普通なら深刻な雰囲気とかになりそうなんだけど、只野さんはだらしない顔して笑った状態になっていた。それは意識を失っているというよりも、良い夢を見ながら寝ているようにも見えた。重体といえばそうなんだろうけど、その顔によって心配したのが損した気分になる。
「それで……織姫が無関係のアンタを仲間に入れたのは分かったし、過去話もね。こちらとしても利害は一致してる。言っておくけど、私も彦星と同じで全然知らなかったから」
明日香ちゃんが天川織姫のチームに入った事で、自身がカストルさんに説明した。カストルさんも俺と一緒で何も知らなかったみたいだ。

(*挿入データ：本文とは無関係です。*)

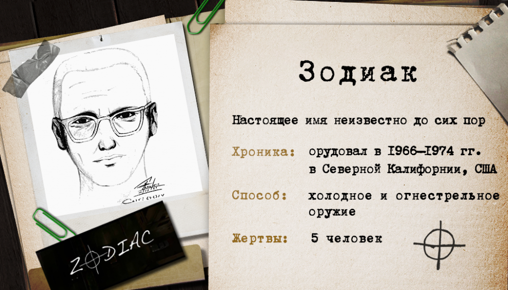 Неустановленный преступник нападал на влюбленные пары, уединившиеся в автомобилях, в городах Северной Калифорнии. Второе убийство сопровождало письмо, в котором был шифр и подпись Зодиак с кельтским крестом. Этот же знак нашли на одном из мест преступлений. До 1974 года приходили такие послания, их достоверность фактически подтверждена, в отличии от тех писем, что присылали позже.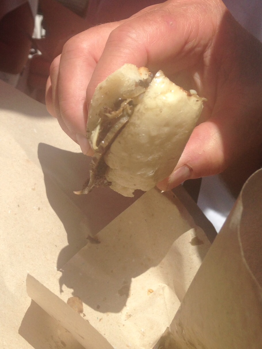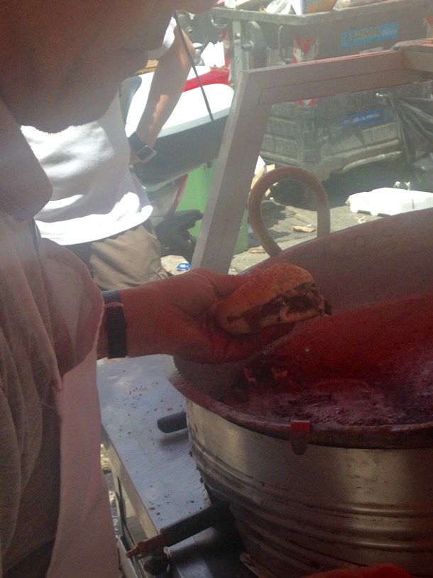 Beef spleen braised in a sauce and sandwiched in a soft bun, another market food cart. Pane cá Meusa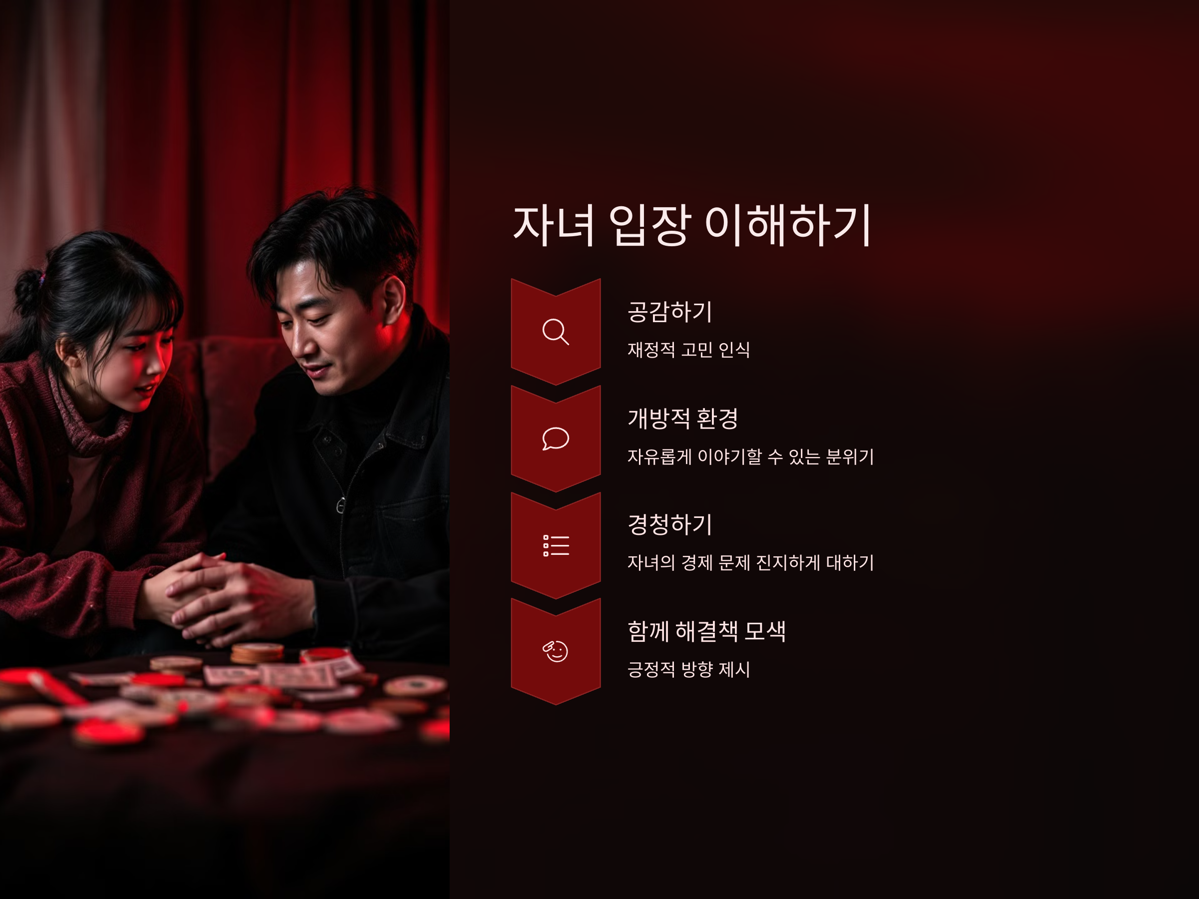 부모는 자녀의 경제적 문제를 가볍게 여기지 않고, 충분히 경청하고 이해하려는 태도를 보여야 합니다. 자녀가 문제를 공유하면, 부모는 문제의 해결책을 함께 고민하며 자녀가 긍정적인 방향으로 나아갈 수 있도록 돕는 것이 중요합니다.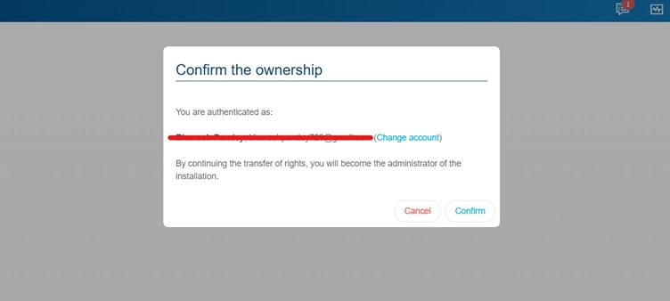 Передача завершується після того, як власник приймає запрошення та входить у інсталяцію.

「そんな事を言うと、逆に疑えって言ってるような感じになりますよ。それよりも今後……ランクアップは当然として、問題なのはエンペラーの撃破ですよ」
エンペラーの撃破はランクアップの近道。当然、ランクアップは目指すんだけど、今回は理由が違ってくる。
「嘘の可能性もあるけどね。理由はどうであれ、私は倒すつもりでいたから」
只野さんが意識を失った原因がアイドル戦記にあったのかを調べるために、明日香ちゃんがパスワードを知っていたおかげで携帯やPCの中身を確認する事が出来た。けど、メールは二通を残して全部消去されていた。その二通も只野さんが倒れた後に送られてきている。只野さん自身が明日香ちゃんを危険な目に合わせないために、確認後に消去したかもしれない。
ただ、送られてきた二通のメールの内容は俺達もビックリするものだった。
一つ目は明日香ちゃん同様、天川織姫の会員番号五番に任命する内容。ニックネームも書かれている。当然、意識を失ってるわけだからチームの一員となったわけじゃない。
二つ目は運営からなのか、それともイタズラメールという可能性がある内容。只野さんを人質に取ったみたいな内容で、助けるためにはエンペラーの撃破を要求してきた。